Secreta. Ad martyrum tuorum Valentini, Vitalis, et Feliculae, Domine, festa venientes, cum muneribus nomini tuo dicatis occurrimus: ut illis reverentiam deferentes nobis veniam impetremus. Per Dominum.
Postcommun. Protege, Domine, plebem tuam, et festivitate martyrum tuorum Valentini, Vitalis, et Feliculae, quam nobis tradis, assidue debita tibi persolvi precibus concede sanctorum. Per Dominum.
Prayers on the Commemoration of Valentine, Vitalis and Felicula. 14 February.
Protect us, we beseech thee, O Lord, by the prayers of your saints, that the feasts of your martyrs Valentine, Vitalis and Felicula may be venerated without ceasing and that we may be protected by the aid of the faithful, and that we may go forward by your magnificent example. In the Lord’s name.
Sec. We come to the feasts of your martyrs Valentine, Vitalis and Felicula, O Lord, we meet in your name with holy offerings: so that, showing respect by these, we may obtain forgiveness. In the Lord’s name.
Postc. Protect, O Lord, your people, and on the feast of your martyrs Valentine, Vitalis and Felicula, which you give to us, grant that our sins may be held paid by the prayers of the saints. In the Lord’s name.
Venerable Bede, Martyrology – Valentinus of Rome:
XVI. Kal. Mar. Natale sancti Valentini presbyteri, Romae: qui post multa sanitatum et doctrinae insignia, fustibus caesus, et sic decollatus est, sub Claudio Caesare.
14 February. At Rome, the feast of St Valentinus, priest: who after many public signs of healing and erudition, having been beaten with clubs, was also in this way beheaded, under Claudius Caesar.
Venerable Bede, Martyrology – Valentinus of Terni:
XVI. Kal. Mar.
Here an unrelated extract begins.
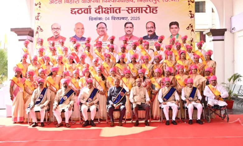 छत्तीसगढ़ बिलासपुर से भूपेंद्र साहू की रिपोर्ट/ रायपुर, 04 दिसम्बर 2025/ अटल बिहारी वाजपेयी विश्वविद्यालय बिलासपुर के छठवें दीक्षांत समारोह का आयोजन आज पूर्व राष्ट्रपति रामनाथ कोविंद के मुख्य आतिथ्य में गरिमामय वातावरण में किया गया। कार्यक्रम की अध्यक्षता राज्यपाल रमेन डेका ने की। अति विशिष्ट अतिथि के तौर पर मुख्यमंत्री विष्णु देव साय उपस्थित रहे। समारोह में 64 शोद्यार्थियों को शोध उपाधि, 92 गोल्ड मेडल एवं 36950 स्नातक एवं स्नातकोत्तर उपाधि दी गई।

Natale sancti Valentini Interamnensis episcopi: qui tentus a paganis ac vergis caesus, et post diuturnam caedam custodiae mancipatus, cum superari non posset, mediae noctis silentio eiectus de carcere decollatus est, iussu Furiosi Placidi, Urbis praefecti. Tunc Proculus, Efybus et Apollonius discipuli eius transferentes corpus ad suam ecclesiam Interamnanae urbis noctu, sepelierunt: ubi cum quotidianis vigiliis incubarent, tenti a gentilibus custodiae sunt traditi consulari Leontio: quos ille iussit medio noctis suis tribunalibus praesentari: et cum a fide revocari nec blandimentis nec minis possent, iussit capite caedi: qui non longe sunt a corpore sancti Valentini sepulti.
14 February. The feast of St Valentinus bishop of Terni: who, detained by the pagans and beaten with rods and, after having been subjected to the long, slow slaughter of imprisonment, when he could not be vanquished, was tossed out of prison in the silence of the middle of the night and beheaded at the command of Furiosus Placidus, prefect of the city. Then Proclus, Efybus and Apollonius, his disciples, transferring his body by night to their church in the city of Terni, buried him: when they were abiding there with daily vigils, having been detained by the Gentiles, they were given over for guarding to the emperor’s governing legate, Leontius: he ordered them to be presented before his tribunal in the middle of the night: and when they could not be called away from the faith either by allurements or by threats, he ordered them to have their heads cut off: they were buried not far from the body of St Valentinus.
None of this, of course, has anything to do with what is today called St Valentine’s Day.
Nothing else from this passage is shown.